The assistant maintains a full conversation history. You can continue refining the diagram with follow-up messages: "Add a subkind of Vehicle called ElectricVehicle", "Connect the Process node to the State transition", "Add a Key explaining the symbols used."

Each AI generation step is undoable. Press Z / CtrlZ to revert to the state before the last generation.
The AI assistant requires an internet connection and a valid Anthropic API key. API usage is billed to your Anthropic account.

Save, load & export

JSON format

The native format is a .json file containing the full diagram state. This is the only format that preserves all information for re-editing. Save JSON files early and often.

SVG export

Export to SVG for sharing, publishing, or further editing in a vector graphics application. The exported SVG clips to the bounding box of all nodes with 30px padding. Canvas background and grid are not included — the exported file has a transparent background suitable for embedding in documents.

Auto-save

Quiddity saves the diagram to your browser's local storage on every change. When you reopen the same file in the same browser, your last session is restored automatically.

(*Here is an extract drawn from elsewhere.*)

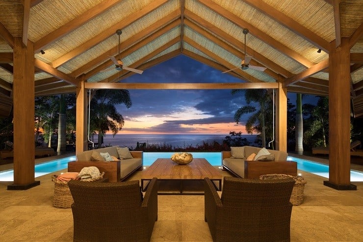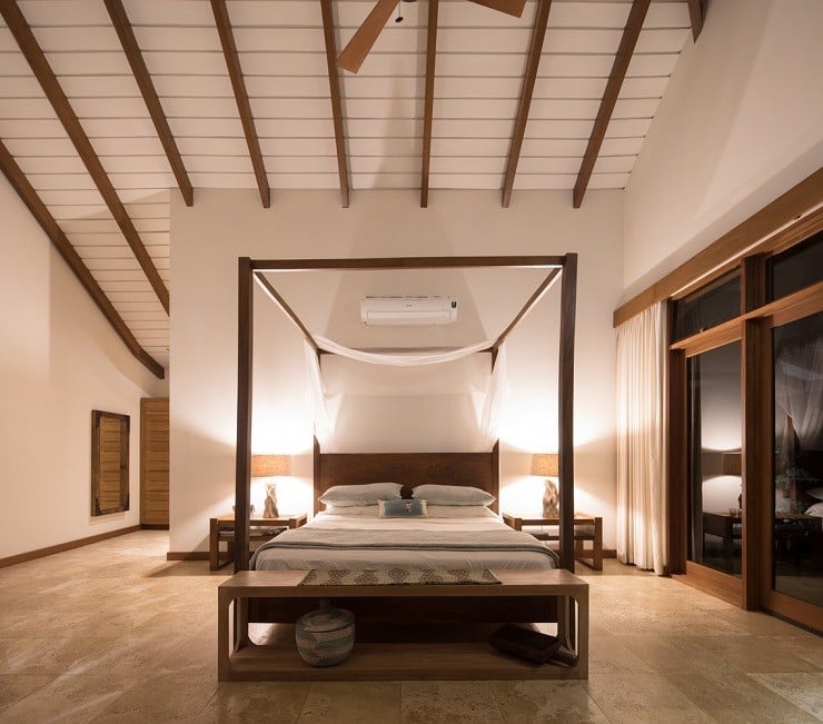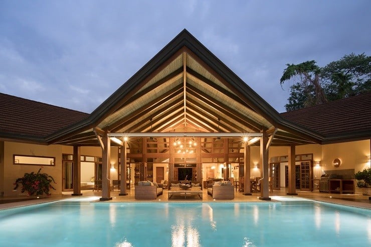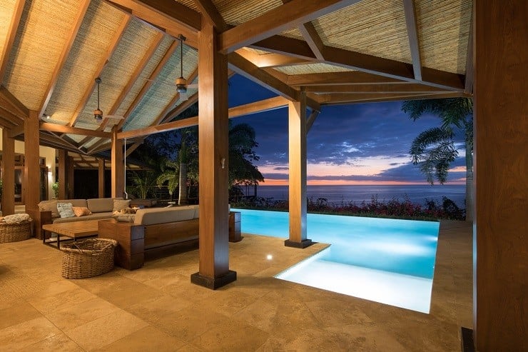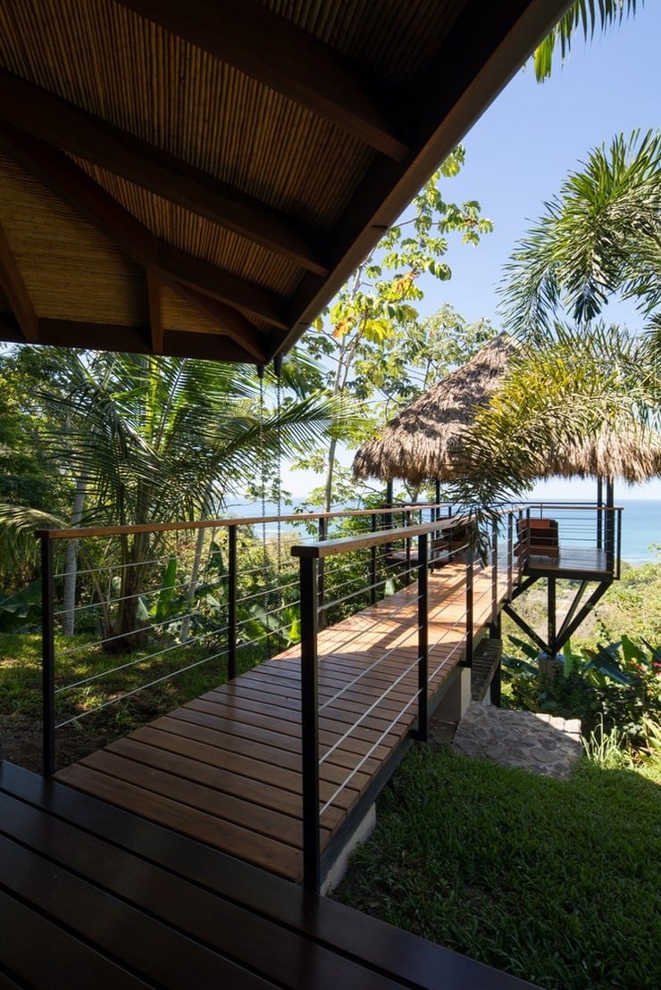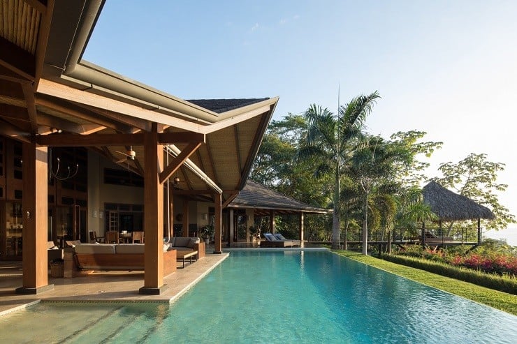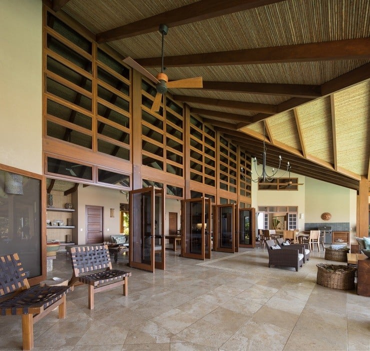 A fine example of this environmentally-friendly style can be seen in the Brisas del Cabo House in Malpais, Costa Rica. With the impetus being on a home that gave the appearance of living outside, the ceilings are high to provide both cross-breeze ventilation and natural air cooling against the hot climate. The curve of the long house is focused inward to the large swimming pool in the back and the lush vegetation beyond. Light wood and locally sourced materials help soften and blend the interior spaces through covered lounges and direct deck access to the water element tying the spacious and relaxing design together.

Auto-save is not a backup. Local storage is tied to a specific browser on a specific machine. It can be cleared by the browser or by clearing site data. Always use File → Save JSON for important work.

Built-in examples

Access examples via Help ▾ → Examples. Loading an example replaces the current diagram — save first if needed.

ExampleWhat it demonstrates
Ballpoint Pen Components Part-of relationships and first-order relations. A good first diagram to explore.
Water Phase Transitions State transition nodes (weak and strong) showing how kinds change state under conditions.
Vehicle Classification Subkind-of hierarchies: taxonomic modelling of a kind family.
Fastener Classification A larger classification hierarchy combining subkind-of and part-of.
Agent Ontology A knowledge representation ontology for agentic AI systems.

Keyboard shortcuts

ShortcutAction
Z / CtrlZUndo (up to 50 steps)
Y / CtrlYRedo
C / CtrlCCopy selected elements
X / CtrlXCut selected elements
V / CtrlVPaste clipboard
D / CtrlDDuplicate selected element(s)
Delete or BackspaceDelete selected element(s)
EscCancel active connection tool / close context menu
Space + dragPan the canvas
Mouse wheelZoom in / out (centred on cursor)
Enter on focused toolbox itemPlace symbol at canvas centre
CtrlEnter in AI panelSend AI message
On macOS, all Ctrl shortcuts also work as (Command) shortcuts.

iPad & iPhone

Quiddity works on iOS and iPadOS in Safari. Touch gestures replace mouse interactions.

Canvas navigation

ActionGesture
PanDrag with one finger on empty canvas space
ZoomPinch with two fingers, or tap the + / toolbar buttons
Fit to windowTap □ Fit in the toolbar

Adding and connecting nodes

Touch and hold a symbol in the toolbox, then drag it onto the canvas. To draw a connection, drag a connection tool from the toolbox and drop it onto the source node, then tap the target.

Editing labels

Double-tap any node to open the inline label editor. The on-screen keyboard appears. Tap outside to confirm.

Limitations on touch

For the best iPad experience, add Quiddity to your Home Screen via Safari's Share button. This opens it full-screen without the browser chrome.